Conformity: everyone is the same person. And they are all dying. But they're too stupid to realize it, and so they're all happy.

I wonder if conformity happens when no one in the Room is real. . .?

* * *

Cold Eyes felt tired, drained and lifeless. A kind of morose depression was setting in today, biting through the lofty walls of defense to his nearly broken and half-corroded mind. Thoughts shifted lazily, a lethargic crawl, towards his subconscious, seeking some solace. Perhaps they thought a symbolic haven lay there, in the darker recesses of his psyche where the shadows overlapped and meshed till the once-ordered boundaries became no more. That was a possibility. However, had escape been their sole motivation, it was in his most humble of opinions that they should have been moving a bit faster. He wanted to see the little bitches run.

A listless sigh, and he turned his half-lidded gaze to the floor, one hand coming up from his side to rest on his hip. Something else was stirring, rousing itself behind his vivid eyes. It rumbled, it purred; it very nearly burbled. The thing — a giant, a leader, a king; the God of what was left of this mind — stretched, retractable claws grazing a dozen forgotten memories, and he held back a shiver. It was awake; hungered and annoyed by the unfortunate being that had the unpleasant task of disturbing it. The Beast was awake, and right now Cold Eyes didn't want to deal with the consequences of —

_("Pay attention.")_

There was a little boy next to him, scowling as he crossed his arms over his chest and pretended to ignore all three of them. Cold Eyes turned his head then, banishing the monster back to its confines — the chains, the cages, the pretty metal collar that fitted loosely around its neck — in the same movement. The hand on his hip slipped off, falling back to his side, and he redirected his gaze to the. . .'individual' standing before him.

_("This is important. Do you mind?")_

He heard thick sarcasm, got the impression that it was evident in the facial expression when the sound returned, now different, still the same. He said nothing to it, simply watched, waiting. The other — a smear of white ink on dark paper; an intense hallucination — shifted, glaring. A silence ensued, until after several long moments, it began again.

_("Well?")_

Cold Eyes considered answering, looking over his shoulder to the people who weren't quite there; walking talking living dying . . . could they hear, could they speak? Can they see, can they care? Hazy, like bloodied watermarks across his line of vision, and he thought he felt the hallucination reach out and touch him, so warm it was almost human. It was almost alive. Again, half-lidded eyes moved back to that. . .'person.'

"I'm listening," a soft mumble, too audible for his liking, and the white-shadow relaxed. It seemed to smile, pleased with his answer. Leaning back slightly where it stood, it surveyed him, empty eyes digging deep. It was taking in something as it continued, something vitally important to both existences; something so valuable and irreplaceable that it could not be named, that it was above all manner of definition. Cold Eyes thought for a moment that he might, at some point in the vague future, miss that elusively precious _something_.
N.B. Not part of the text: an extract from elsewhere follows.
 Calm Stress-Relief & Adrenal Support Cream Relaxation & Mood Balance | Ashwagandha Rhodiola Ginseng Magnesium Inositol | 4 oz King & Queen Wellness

_("Good, because I hate it when you don't.")_

"You're getting on a tangent. Stop it," Cold Eyes snapped, voice low, near silent and still too loud. A black and oily hand rubbed at his face, fingers straying towards his eyes in the act. He wanted to leave, to go. . .somewhere. Maybe the 'where' didn't matter; maybe he could figure it all out later. Just so long as it was real. He was tired. . .so very tired of being in those not-quite there places, with their not-quite alive inhabitants and not-quite right methods. He was so sick of being the only person who could speak and hear that he almost longed for company in his solitude; someone other than the bright phantom and the angry little boy to share the void with.
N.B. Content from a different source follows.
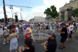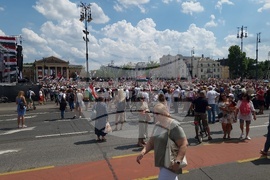 Будапеща (8 юни 2024) Десетки хиляди унгарци се стекоха в ранния следобед в събота, 8 юни 2024 г., на заключителния предизборен митинг на опозиционната партия ТИСА и харизматичния й лидер Петер Мадяр на Площада на героите в Будапеща.
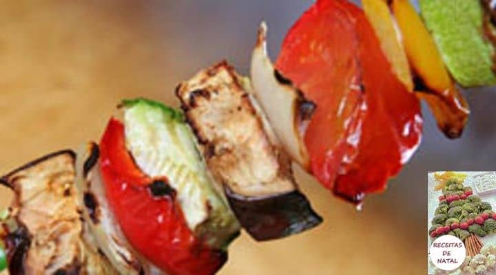 Coloque os ingredientes alternadamente até encher o espeto. Coloque no grelhador e vai virando até grelhar.

_("And? I bet you don't even remember what we were talking about in the first place.")_

". . .That's not the point."

_("Something on your mind?")_

Cold Eyes was silent, debating the question. There were several things _in_ his mind, _feeding_ on it, but he didn't think that his companion much cared for conventional technicalities. He shook his head once, the movement causing his dark brown hair to further fall over his pale features. Again it smiled, though this time the action was coupled with an odd noise. Cold Eyes was reminded of the strange burble The Beast made until he realized what the sound was. The 'individual' was laughing at him.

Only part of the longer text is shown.